Effets de l’oxydation du fer de l’hémoglobine : MetHb
– Oxydation partielle du fer
– Espèces mixtes (a3+b2+)2 ou (a2+b3+)2
– Diminution de l’ affinité Hb pour O2
-Déplacement a gauche de la courbe dissociation HbO2
⇒ Relargage O2
⇒ HYPOXIE
Symptomatologie des intoxications
Nature et intensité des symptômes : selon taux MetHb / Hb totale
Le plus souvent , une méthémoglobinémie associée à une hémolyse.
Facteurs de risque : favorisent la production de MetHb
- Alcool : augmente l’oxydation Hb en MetHb par diminution de la voie de réduction NAD-dépendante (voie principale – diaphorase I).
- Nouveaux-nés et prématurés : Hb foetale plus sensible oxydation et une faible activité MetHb réductase.
- Génétique : les déficits en G6PD sont les plus a craindre car moins de NADPH,H ; ainsi le déficit des trois voies
- Etat physiopathologique
Conduite a tenir et Traitement
Traitement symptomatique
Maintien des fonctions vitales
(Ex : Oxygénothérapie et Anticonvulsivants)
- Traitement évacuateur : lavage gastrique (si possible : ingestion), lavage cutané.
- Traitement spécifique : antidotes.
Bleu de méthylène (BM)
– Mode d’action : BM réduit (leucobleu) = donneur d’électrons, réduction MetHb par diaphorase II et GSH
– Indications : MetHb > 40%
– Contre-indications : déficit G6PD, allergie BM
– Administration : IV lente solution BM à 1% (5-25ml)
– Effets IIaires (surdosage) : anxiété, tremblements,dyspnée, hypertension, coloration peau (cyanose)
Acide ascorbique (vitamine C)
– Mode d’action : réduction MetHb
– Utilisation : moins actif que BM mais non toxique
– Indications : methémoglobinémies légères
– Administration : IV de 1g à répéter
Traitement épurateur
Exsanguino-transfusion : Si hémolyse associée.
Analyse
Méthodes indirectes
- Gaz du sang
Méthodes directes
Non invasives
Oxymétrie de pouls : « Saturation pulsée de l’hémoglobine en oxygène, ou SpO2 »
Principe de la mesure
Repose sur l’émission de deux lumières (rouge et infrarouge), respectivement de 660 et 940 nm, et de la mesure de leur absorption par le flux pulsatile.

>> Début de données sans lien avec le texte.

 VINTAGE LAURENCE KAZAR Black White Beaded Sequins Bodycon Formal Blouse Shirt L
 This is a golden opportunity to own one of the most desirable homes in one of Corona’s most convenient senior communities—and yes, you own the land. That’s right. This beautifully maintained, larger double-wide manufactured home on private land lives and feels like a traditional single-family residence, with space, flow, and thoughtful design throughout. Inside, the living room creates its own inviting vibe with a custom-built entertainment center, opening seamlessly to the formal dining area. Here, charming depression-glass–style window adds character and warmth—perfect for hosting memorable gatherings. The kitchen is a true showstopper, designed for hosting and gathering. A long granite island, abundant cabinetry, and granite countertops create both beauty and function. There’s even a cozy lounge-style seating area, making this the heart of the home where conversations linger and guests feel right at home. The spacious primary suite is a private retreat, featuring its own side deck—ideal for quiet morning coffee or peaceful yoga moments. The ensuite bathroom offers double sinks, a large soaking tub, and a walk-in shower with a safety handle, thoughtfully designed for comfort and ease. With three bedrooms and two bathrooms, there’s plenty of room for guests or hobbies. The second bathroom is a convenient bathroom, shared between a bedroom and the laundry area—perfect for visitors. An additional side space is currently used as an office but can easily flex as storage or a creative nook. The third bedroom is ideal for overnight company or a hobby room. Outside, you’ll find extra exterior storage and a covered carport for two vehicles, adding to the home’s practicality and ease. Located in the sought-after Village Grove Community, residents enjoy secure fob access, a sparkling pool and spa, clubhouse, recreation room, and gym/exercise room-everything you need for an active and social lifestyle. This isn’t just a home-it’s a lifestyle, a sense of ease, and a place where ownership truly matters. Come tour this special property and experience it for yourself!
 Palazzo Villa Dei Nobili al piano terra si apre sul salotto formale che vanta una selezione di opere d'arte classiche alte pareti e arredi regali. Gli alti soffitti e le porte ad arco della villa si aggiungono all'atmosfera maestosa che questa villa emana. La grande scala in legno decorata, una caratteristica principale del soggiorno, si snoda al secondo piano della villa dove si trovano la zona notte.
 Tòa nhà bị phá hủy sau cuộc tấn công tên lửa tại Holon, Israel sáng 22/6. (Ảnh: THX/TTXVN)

L’absorption de la lumière rouge et infrarouge sera variable selon qu’elle rencontrera de l’hémoglobine réduite (Hb) non oxygénée ou de l’oxyhémoglobine (HbO2).
Invasives
Co-oxymétrie
Méthode la plus précise permet la mesure directe de l’Absorbance de l’Hemoglobine sous toutes ses formes : HbO2, COHb, MetHB, par balayage a différentes longueurs d’ondes dans le sang total.
Spectrophotométrie
Méthode de KAPLAN
Le principe est basé sur le fait que la MetHb et HbO2 ont 2 max d’absorption différents
On effecue 2 mesures :
- DO 525 nm : HbO2 et MetHb absorbent de la même façon
- DO 577 nm : différence la plus grande
Rapport :
DO 577 nm / DO 525 nm → % MetHb
Méthode d’EVELLYN-MALLOY
La technique consiste à mesurer le pourcentage de la methémoglobine dans le sang:
le rapport entre la quantité de la méthémoglobine sur la quantité de l’hémoglobine totale.

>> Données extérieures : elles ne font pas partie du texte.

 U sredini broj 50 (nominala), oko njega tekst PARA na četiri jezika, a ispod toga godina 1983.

Déterminer la quantité de la méthémoglobine
Déterminer la quantité de l’hémoglobine totale
Conclusion
Les mécanismes par lesquels l’hémoglobine peut s’oxyder et le potentiel réducteur puissant dont il dispose, sont complexes et divers. Les connaissances actuelles de ces mécanismes permettent de traiter la plupart des méthémoglobinémies acquises (methemoglobinisants) et quelques méthémoglobinémies constitutionnelles.

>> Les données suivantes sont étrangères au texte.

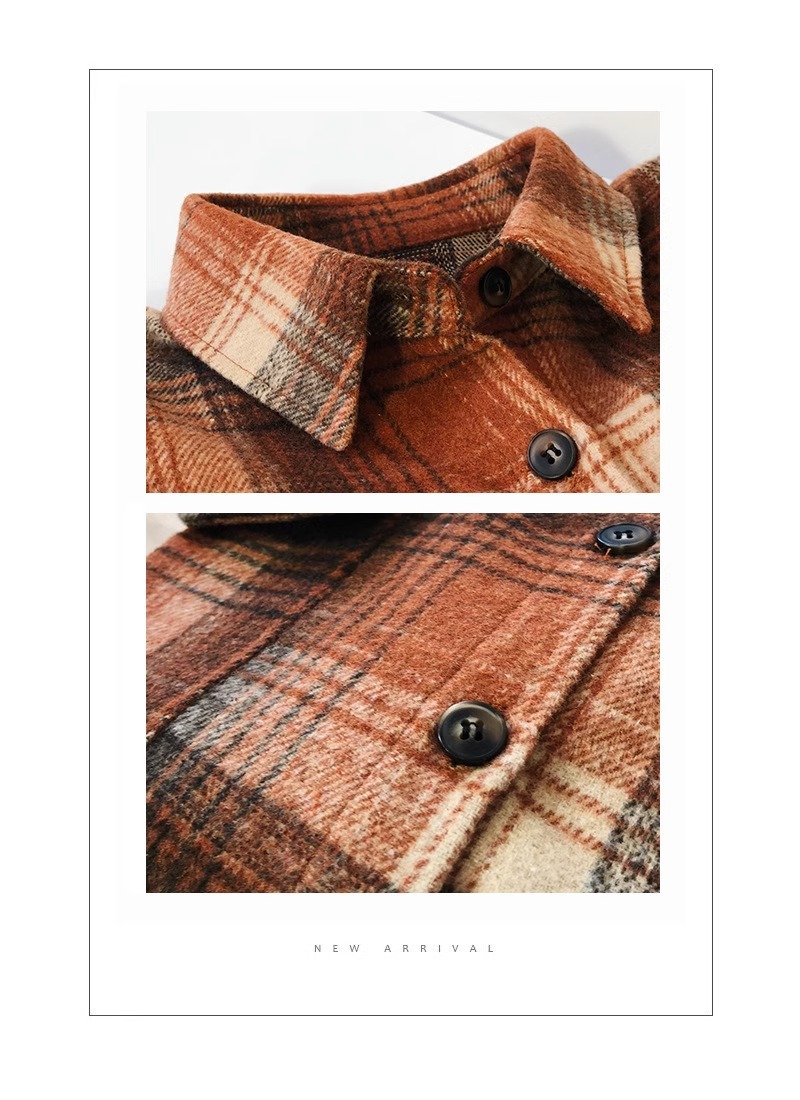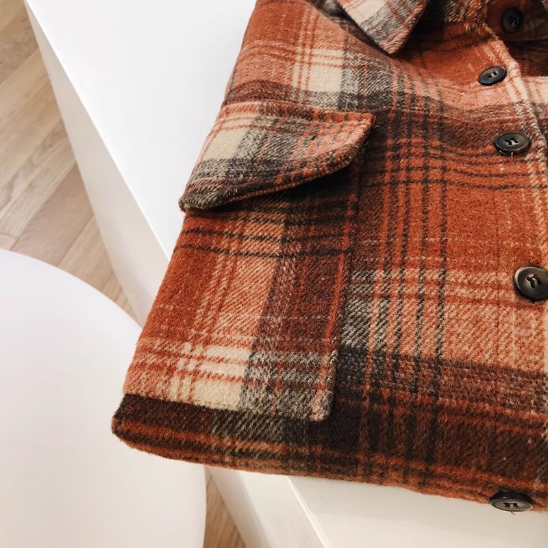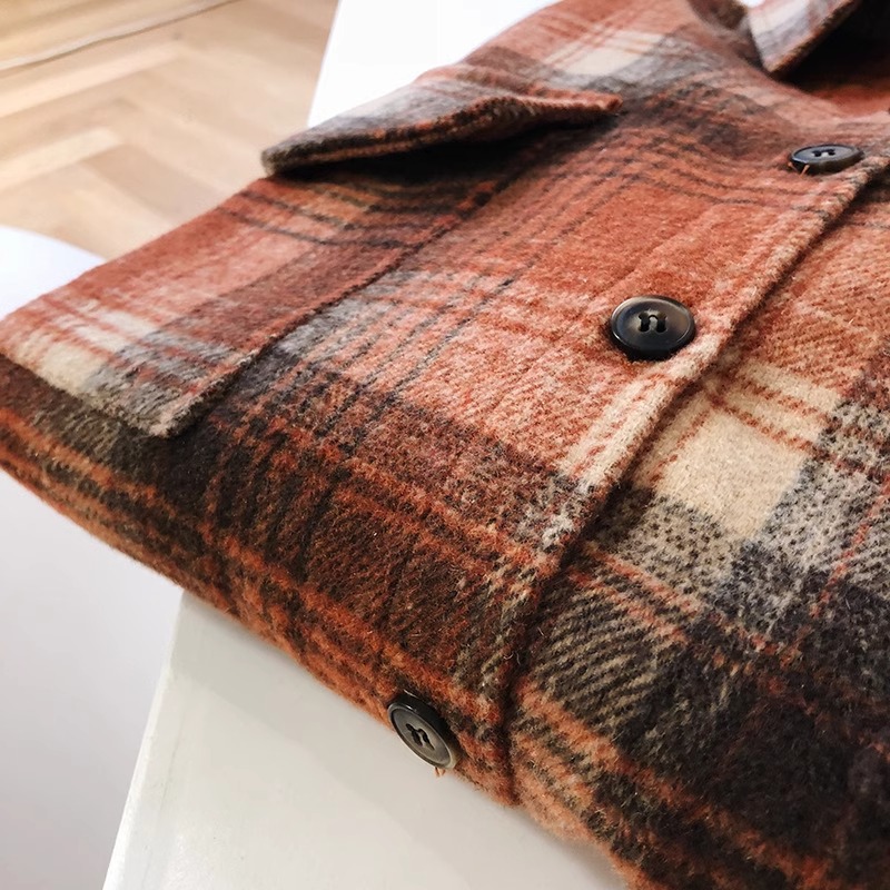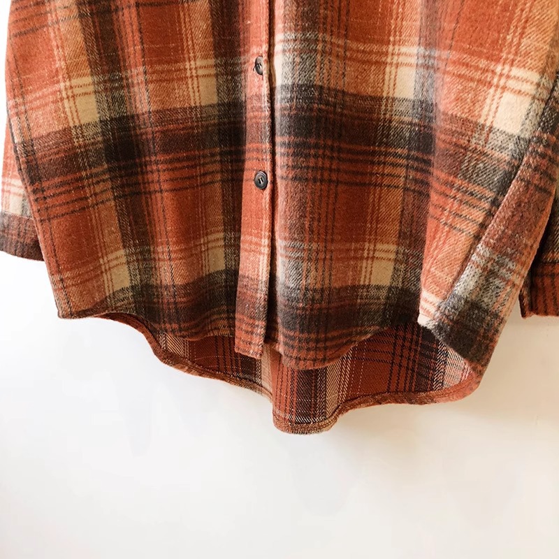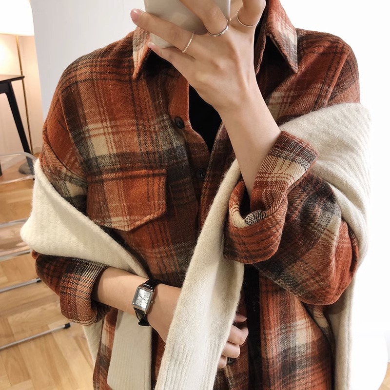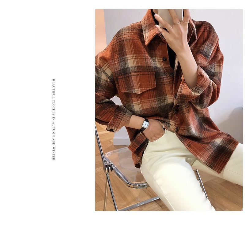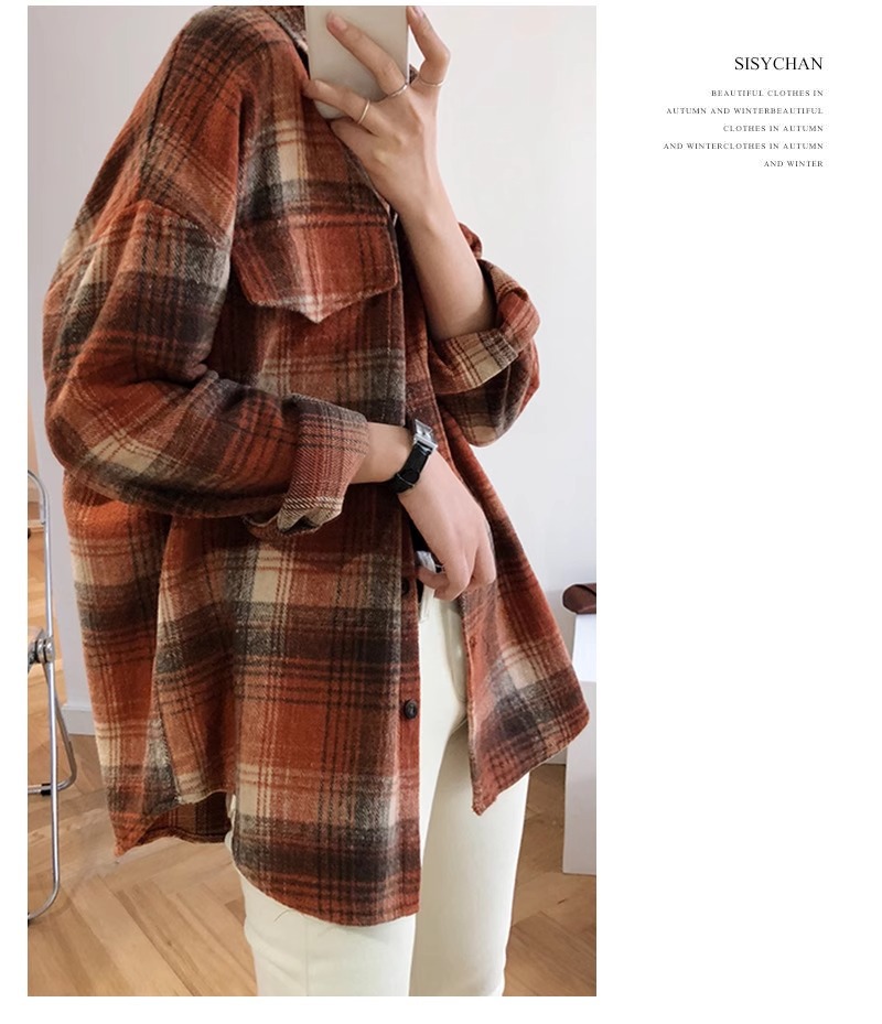 Рубашка в клетку из матового хлопка Женская средней длины 2023 осень новая свободная рубашка с длинным рукавом в Корейском стиле пальто толстая

La méthémoglobinémie est rare aujourd’hui dans la plupart des pays industrialisés, elle représente par contre un risque dans les pays en développement. Il n’y a pas d’estimation fiable de l’ampleur du problème au niveau mondial. L’OMS recueille actuellement des informations en vue de fournir cette estimation.